Wood is an amiable enough travel companion, even if he sometimes wanders into pie-eyed hyperbole. (Chang’an was the greatest city of its time! Luoyang was the greatest city of its time! Kaifeng was the greatest city of its time and the greatest city among multiple parallel universes!) And as a historian — or at least somebody who plays a historian on TV — Wood often seems a little too eager to believe whatever he’s told. Folklore and mythology are interpolated with research and archaeological evidence even as Wood’s charmingly naïve Slow Boat to China act sometimes leaves the viewer to wonder if he can’t tell the difference between the two.

There are times when what appears to be the town drunk is given equal screen time as the recognized experts. Fortunately, many of those experts are top notch, especially Jingyi Jenny Zhao, a fellow at the Needham Research Institute at Cambridge University, and Harvard University’s Lik Hang Tsui; they provide much needed heft to Wood’s sometimes moony platitudes.

Nevertheless, there is much to like here. The discussion of Confucianism and its evolution from outlier philosophy to state ideology is done well. Film buffs can have a bit of fun spotting clips from Chinese costume dramas used as B-roll for the narrative. The myth of a closed China is dispensed with early in Episode 2, which then segues into a lengthy bit on Tang-era (618-907) cosmopolitanism, imperial expansion, and China’s religious and cultural diversity. Fans of the Song (960-1279) are in for a treat as Episode 3 is mostly a deep dive into the Song, even though the founding mythology of the Zhao brothers, the first two emperors of the Song Dynasty, is given an unwarranted amount of credibility. The foreignness of the Manchus is not forgotten, and the role that the Manchus played in creating the boundaries of the modern state is done well. A long bit on the Taiping War (1850-1864) is useful for its discussion of one of the deadliest and most important 19th-century conflicts. A few fascinating and important figures who may be relatively unknown outside of China are given the spotlight, including the poet Du Fu (712-770 CE), traveling monk Xuanzang (602-664), Song-era polymath Su Song (1020-1101), female poet Li Qingzhao (1084-1155), and the Kangxi Emperor [r. 1661-1722].

No documentary can be perfect, especially one as ambitious as this project.

Perhaps the greatest conceptual flaw is the relentless emphasis on continuity. Wood goes out of his way to hammer home the point that China’s present connects with the past in a myriad way. It is unclear though whether this is a latent bit of Orientalism (the “timelessness” of non-Western societies) or an undigested blob of Chinese exceptionalism. To say that Chinese culture and civilization displays a striking continuity is one thing, but to make the same argument about the Chinese state puts the documentary on less sure footing. Certainly there is an ideal of unity and continuity, but the story of China is also one of rupture and disunity. The documentary treats these periods as interludes rather than as eras to be considered on an equal basis with the great states of Tang, Song, and Qing.
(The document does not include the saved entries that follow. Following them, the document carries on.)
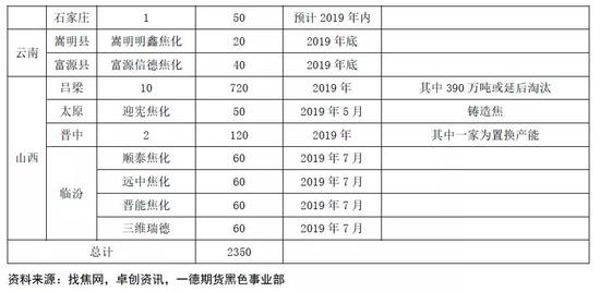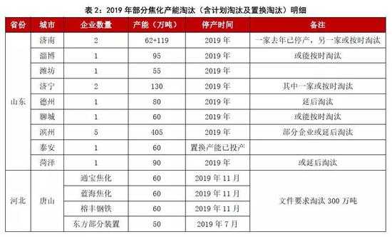 假设山东地区产能淘汰严格执行,2019年预计全国淘汰焦化产能2350万吨左右。目前山东地区上述企业基本均正常生产,淘汰产能暂无进一步政策公布,初步预计未来一个月去产能难度相对较大。目前淘汰较为明确的企业约有2-3家,约300万吨。若按照淘汰产能不严格计算,2019年约淘汰焦化产能1950万吨左右。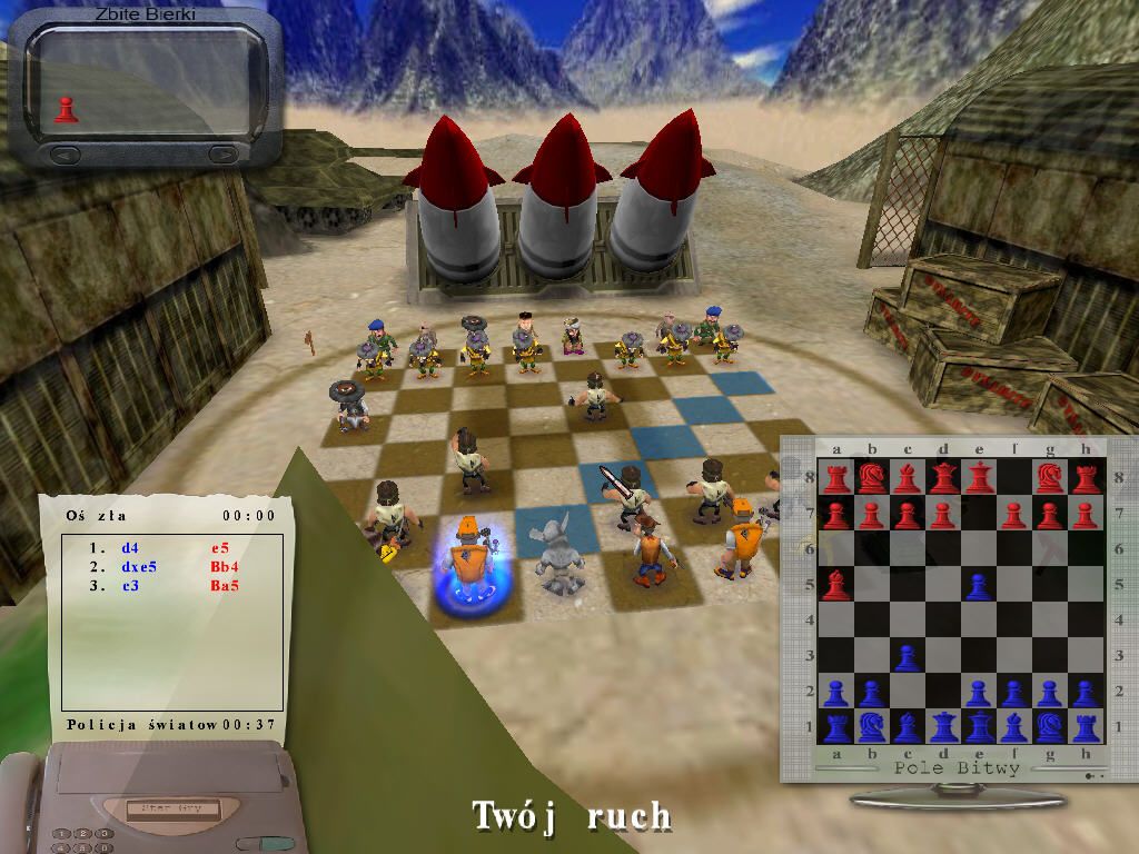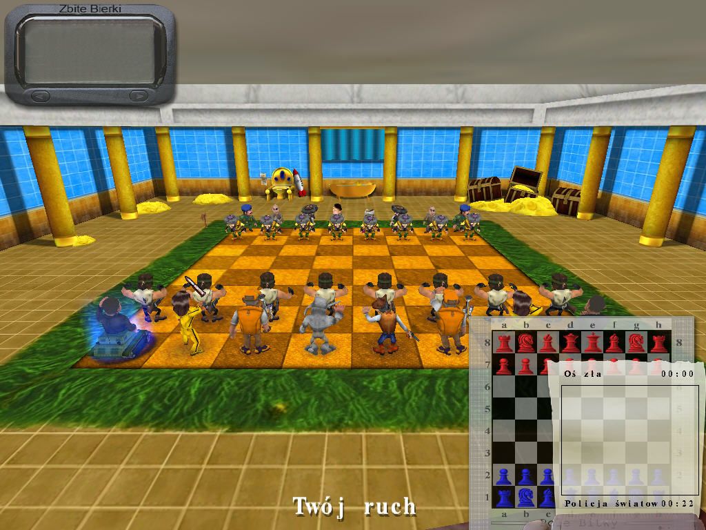 The user interface combines a 3D animated battlefield with a traditional top-down view of the board in the lower right corner. This dual display ensures you never lose sight of tactical positioning while enjoying the animations. Whenever a piece moves, its character model strides across the board in a short walk cycle. If it captures an opponent, you’re treated to a brief fight animation—an entertaining flourish that, while nonessential, reinforces the game’s comedic charm.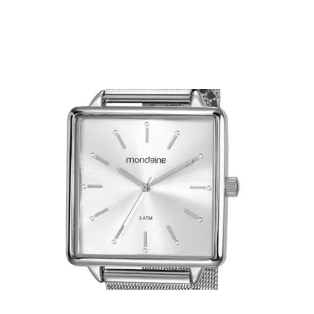 Relógio Feminino Mondaine 99487L0MVNE2Este relógio analógico possui caixa slim quadrada em metal, mostrador minimalista, sem numeração, com pequenos cristais nos marcadores e pulseira semi sólida em malha de aço com fácil ajuste ao pulso. Um relógio elegante e casual para usar todos os dias. ATM - PRESSÃO MÁXIMA: 3 ATM ALTURA (MM): 9 mm COMPRIMENTO DO RELÓGIO (CM): 24 ALARME: Não TAMANHO DA CAIXA: 36X44MM TAMANHO DO VIDRO: 30 mm GARANTIA: 1 Ano pelo fabricante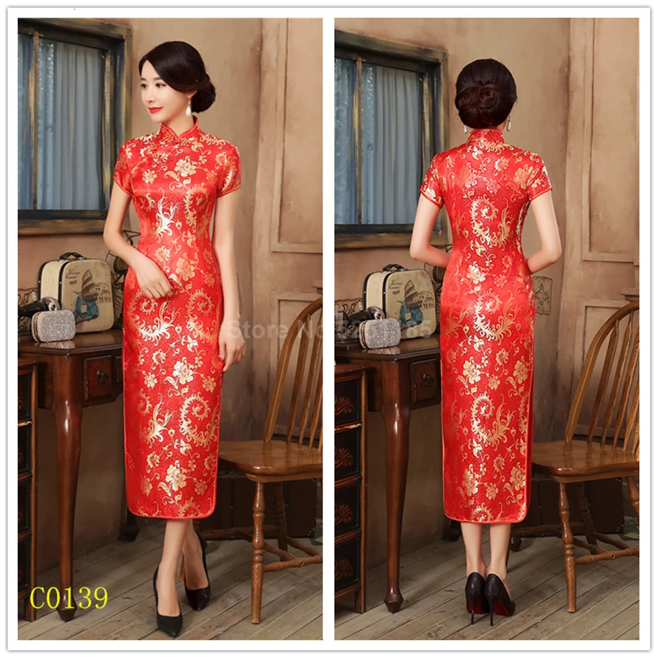 Женское атласное свадебное платье, длинное платье Ципао в китайском стиле, с красным принтом, для нового года, выпускного вечера, 17 видов цветов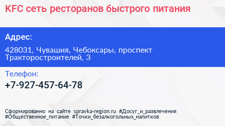 KFC, сеть ресторанов быстрого питания по адресу 428031, Чувашия, Чебоксары, проспект Тракторостроителей, 3 в дальнейшем Организация, размещена в следующих категориях: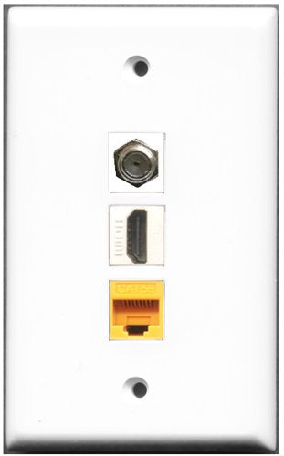 RiteAV - 1 Port HDMI and 1 Port Coax Cable TV- F-Type and 1 Port Cat5e Ethernet Yellow Wall Plate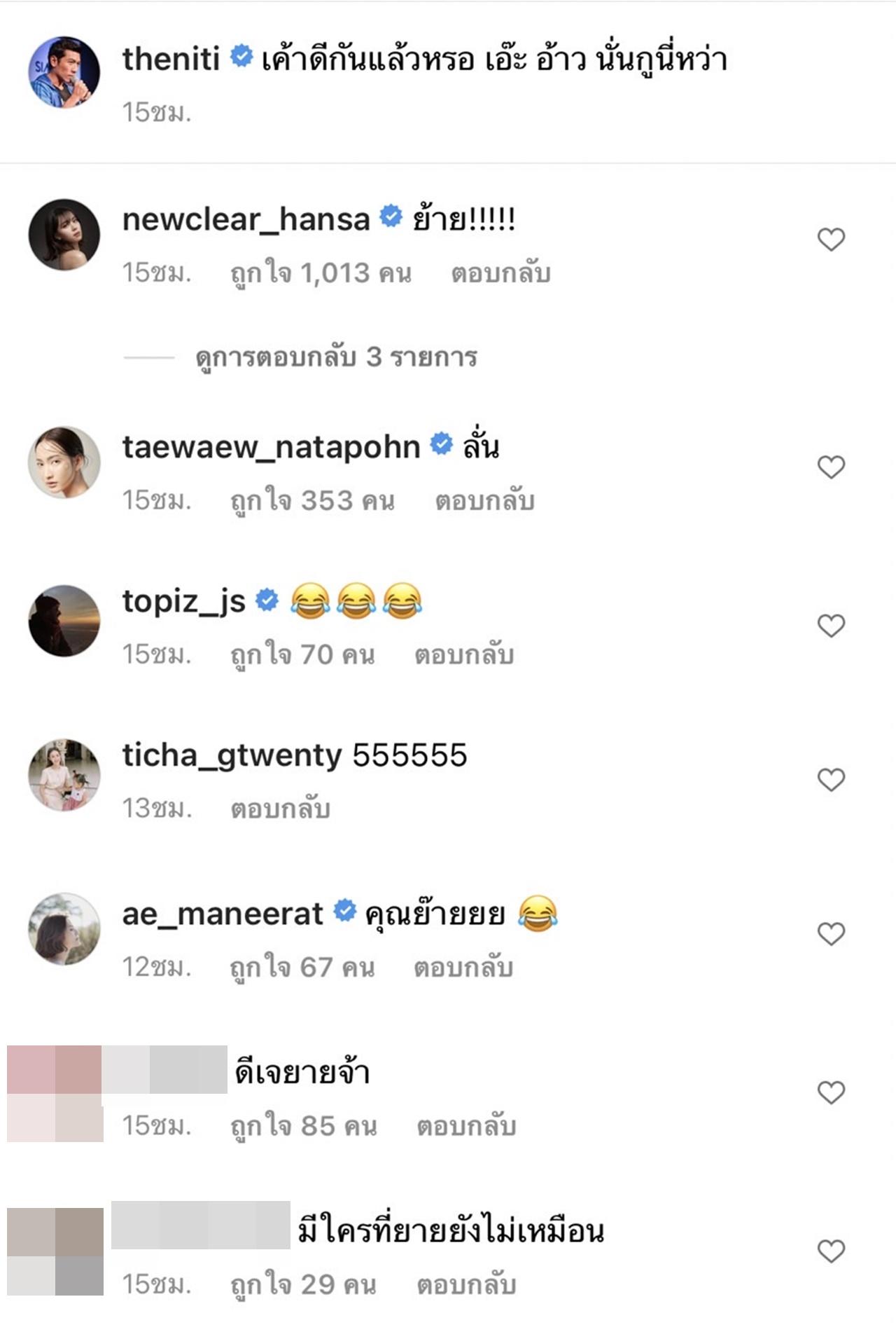 งานนี้ทำเอาแฟนๆ ที่ติดตามต่างเข้ามาขำกันเป็นแถวในความเหมือนนี้ และยังมาแซวอีกว่า ยายที่หน้าเหมือนดาราชายทุกคนยกเว้นตัวเอง.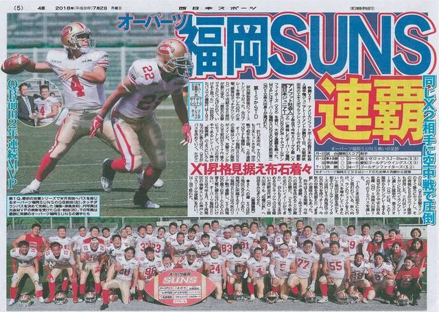 アメリカンフットボールの社会人チーム:オーパーツ福岡SUNSですが、7月1日(日)に行われたゴールデンファイターズとの決勝戦に無事勝利して、グリーンボウルJrトーナメント連覇を達成することができました。

The 13th-century Mongolian invasion and conquest of China is practically relegated to a post-credit scene in the episode on the Song. The 17th-century Ming-Qing transition is streamlined to such an extent that Li Zicheng and the rebel armies which toppled the Ming aren’t mentioned at all. The less said about the opening establishment shot (a cartoon dragon against a backdrop of fireworks complete with sound effects) the better. There are other bits with which the more pedantic expert might quibble as well.

Ultimately, this is a documentary for your aunt or dad: somebody who is interested China but might not ever come here. It might also have some use in the classroom, as the condensed nature of each episode might make good “background viewing” for survey courses on Chinese history and civilization. Finally, armchair travelers may enjoy following Wood around China as he searches for the perfect backdrop for his historical bromides.

That most of the sites he chooses have long since been destroyed, or at best were rebuilt in the last quarter century, suggests that China’s connection with its past is perhaps not as certain as this documentary would want us to believe.